1  ユー・ガッタ春菊 YOU GOTTA SHUNGIKU
 1987年3月24日 第1刷発行 双葉社 オススメ度:★★★★★
  ネット・オークションで最初に手に入れた作品集.短編コミック26編収録.以前からこの人の名前と絵が気に入っていたのですが,これを読んで,最初に読んだ作品が『ミュージック・マガジン』に掲載されていた『PUNK の人』だったことがわかりました.どの作品もこの人ならではの感性が感じられて,好きです.
2  一身上の都合
 1988年6月28日 第1刷発行 集英社 オススメ度:★★★★
  連作短編『一身上の都合』ACT. 1〜7,『水物語』シリーズ3編と,『しゅふとせいかつのようなもの』,『社員旅行は二泊三日』,『めぐみの友だち』,『一身上の都合くん』収録.女性の眼から見た男性像って,本当に愚かで哀しいです.
3  クマグス 1
 1991年5月25日 第1刷発行 潮出版社 オススメ度:★★
  原作・山村基毅,画・内田春菊による,南方熊楠の,というより明治の自由民権運動の台頭と終焉を描いた物語.この人(内田春菊)の作品を集め始めてわりと早い時期にアークション・サイトで見つけて購入しました.どういった経緯でこの作品が創られたのかよくわからんのですが,正直なところこの作者の場合,こういった形態の作品は,あまりピンとこない感じがしました.
4  クマグス 2
 1991年7月30日 第1刷発行 潮出版社 オススメ度:
  というわけで,当然のことながら他の作品と同列で評価すべきではないのは当然であるのですが,1册目は何とか読めたものの,2册目に至っては,残念ながら途中で飽きて読むのをやめてしまいました.
5  けだるい夜に
 1992年7月28日 第1刷発行 集英社 オススメ度:★★★★★
  1992年の作品ですが,ここに描かれているのはニューハーフではなく,まさに性同一性障害者.パートナーとのセックスよりも自身のアイデンティティを重要視する『ヒデアキくん』の姿は,いま読んでみると昔のでらちゃんの姿そのものだったように思えます.というわけで思い入れすごく深い作品でした.

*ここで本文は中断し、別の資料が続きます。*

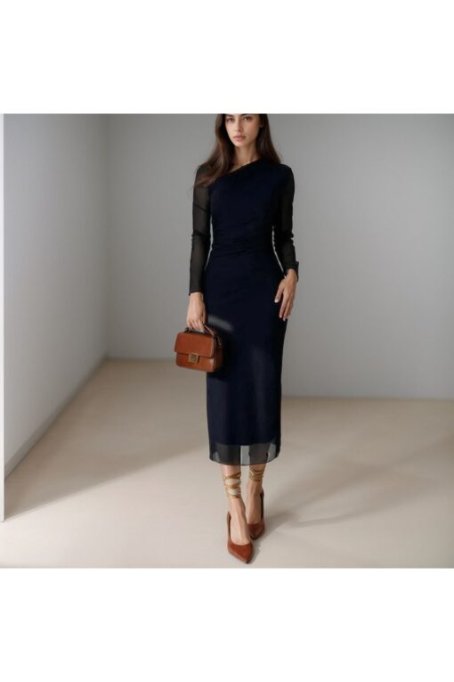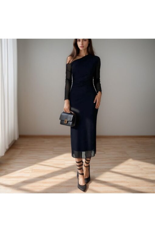Trendusfashion Siyah Tek Omuz Uzun Kollu Şifon Detaylı Midi Elbise – Zarif Gece Elbisesi

6  吸血少女対少女フランケン VAMPIRE GIRL VS. FRANKENSTEIN GIRL
 1993年9月25日 第1刷発行 朝日ソノラマ オススメ度:★★★
  タイトルを見ると誤解してしまうおそれがあるのですが,『吸血少女』と『少女フランケン』が対決する話ではなく,1991〜93年に『ハロウィン』誌に掲載された,『吸血少女』第1〜3話,『少女フランケン』,『負けたくない』の3作5編を収録,どの作品もこの作者にしては凡庸な出来だったと思います.




7  仔猫のスープ
 1993年10月27日 第1刷発行 集英社 オススメ度:★★★★★
  『盗聴』,『あなたは特別』,『妊娠の意味』,『After You've Gone』.『仔猫のスープ』,『真昼の幽霊』,『生まれた子ども』の7編収録.この手の女性心理を描かせたら,この人の右に出るものないと思います.
 8   あなたの世間体
 1996年2月28日 第1刷発行 集英社 オススメ度:★★★★
  連作短編『あなたの世間体』第1〜11話,『私が何をしたっていうの』,『神さま嘘だと言って』,『愛を知る日まで』,『愛を知る日まで2』を収録.『愛を知る日まで』2作の園村さんがかわいいです♪
9  若奥様玉地獄
 1996年3月15日 初版第1刷発行 祥伝社 オススメ度:★★★★★
  『ケーキと鎖』,『若奥様玉地獄』,『3 in BED』,『駒子の手帳』.『彼の耳はッパンの耳』,『置き手紙』,『Dくん死なないで』の異色短編7編収録.『彼の耳はッパンの耳』のラスト,「男のほとんどはね女の話なんか聞いちゃいないのよ」って台詞,究極の真理だと思います.
10  HOME
 1997年2月15日 初版第1刷発行 ぶんか社 オススメ度:★★★
  『最初で最後の家庭まんが』だそ〜ですが,正直言って,他の作品群と比較すると,やはり見劣りしてしまいます.
11  ノートブック
 1997年7月25日 第1刷発行 朝日ソノラマ オススメ度:★★★★
  『ノートブック』,『ノートブック II』,『ノートブックIII』,『明日から私は』.『今日まで私に』,『きっと何でもしてみせる』第1〜3話を収録.この中では『ノートブック』連作が印象的でした.
12  内田春菊編集長 内田金玉 Kingyoku
 2001年12月24日 初版第1刷発行 イースト・プレス オススメ度:
  各方面のいろんな方々が参加,執筆されていますが,でらちゃんにとっては,岸田秀 X 斎藤学 X 内田春菊による特別座談会『性と家族――抑圧からの脱出』が,日本の婚姻制度,戸籍制度の欠点を知るという点においてとても参考になりました.